Понял, каково Ф. Берке?

Она проходит через несколько стадий. Муки сперва. И стыд. СТЫД. Я не то, что ты любишь. Еще более яростные терзания. И осознание, что нет, нет выхода. Никакого. Никогда. Никогда... Несколько запоздало она сообразила, что сделка, которую она заключила, это навсегда? Ф. Берке стоило бы обратить внимание на сказки о смертных, закончивших свои дни кузнечиками.

Исход очевиден – все эти муки вылились в единое идиотское протоплазменное стремление слиться с Дельфи. Отбросить ужас, закрыться от зверя, к которому она прикована. Стать Дельфи.

Конечно, это невозможно.

И все же ее терзания сказываются и на Поле. Дельфи-как-Рима достаточно сильный магнит любви, а освобождение разума Дельфи требует многих часов приносящих глубокое удовлетворение разъяснений того, насколько все прогнило. Добавь сюда поклоняющееся его плоти тело Дельфи, сжигаемое огнем неукрощенного сердца Ф. Берке. Есть вопросы, почему Пол запал?

И это еще не все.

К тому времени они каждую свободную минуту проводят вместе, и некоторые из этих минут не такие уж свободные.

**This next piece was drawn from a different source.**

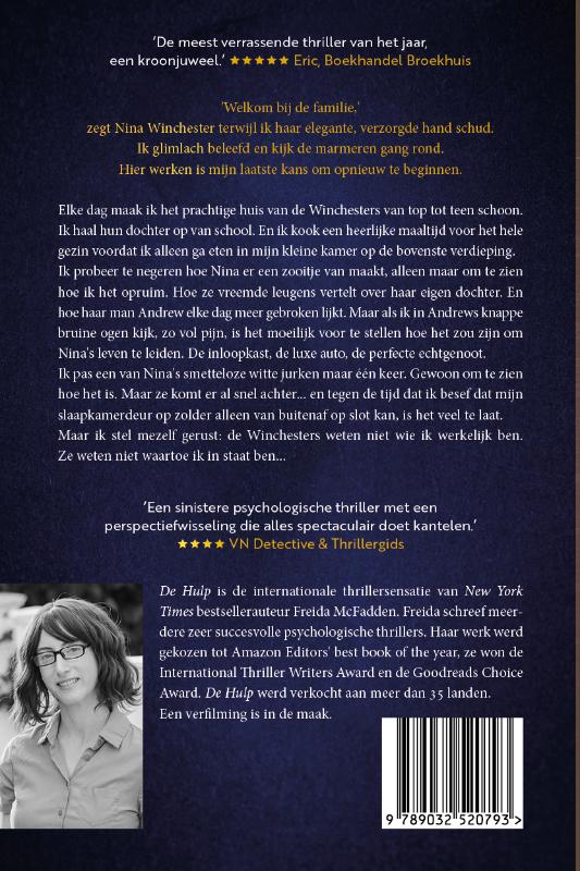 'Welkom bij de familie,' zegt Nina Winchester terwijl ik haar elegante, verzorgde hand schud. Ik glimlach beleefd en kijk de marmeren gang rond. Hier werken is mijn laatste kans om opnieuw te beginnen. Maar ik zal snel ontdekken dat de geheimen van de Winchesters veel gevaarlijker zijn dan de mijne...Elke dag maak ik het prachtige huis van de Winchesters van top tot teen schoon. Ik haal hun dochter op van school. En ik kook een heerlijke maaltijd voor het hele gezin voordat ik alleen ga eten in mijn kleine kamer op de bovenste verdieping.Ik probeer te negeren hoe Nina er een zooitje van maakt, alleen maar om te zien hoe ik het opruim. Hoe ze vreemde leugens vertelt over haar eigen dochter. En hoe haar man Andrew elke dag meer gebroken lijkt. Maar als ik in Andrews knappe bruine ogen kijk, zo vol pijn, is het moeilijk voor te stellen hoe het zou zijn om Nina's leven te leiden. De inloopkast, de luxe auto, de perfecte echtgenoot.Ik pas een van Nina's smetteloze witte jurken maar één keer. Gewoon om te zien hoe het is. Maar ze komt er al snel achter... en tegen de tijd dat ik besef dat mijn slaapkamerdeur op zolder alleen van buitenaf op slot kan, is het veel te laat.Maar ik stel mezelf gerust: de Winchesters weten niet wie ik werkelijk ben.Ze weten niet waartoe ik in staat ben...

– Мистер Ищем, не будете ли вы так добры не вмешиваться в этот эпизод на спортплощадке? По сценарию, здесь место Дэйви.

(Дэйви все еще здесь, близость к Дельфи пошла ему на пользу.)

– Какая разница? – зевает Пол. – Это всего лишь реклама. Я ее не блокирую.

Шокированная тишина на это слово в семь букв. Девушка из сценарного храбро сглатывает:

– Прошу прощения, сэр, но у нас указания сделать этот эпизод в точности так, как расписано в сценарии. Нам придется переснимать части, отснятые на прошлой неделе, мистер Хопкинс мной очень недоволен.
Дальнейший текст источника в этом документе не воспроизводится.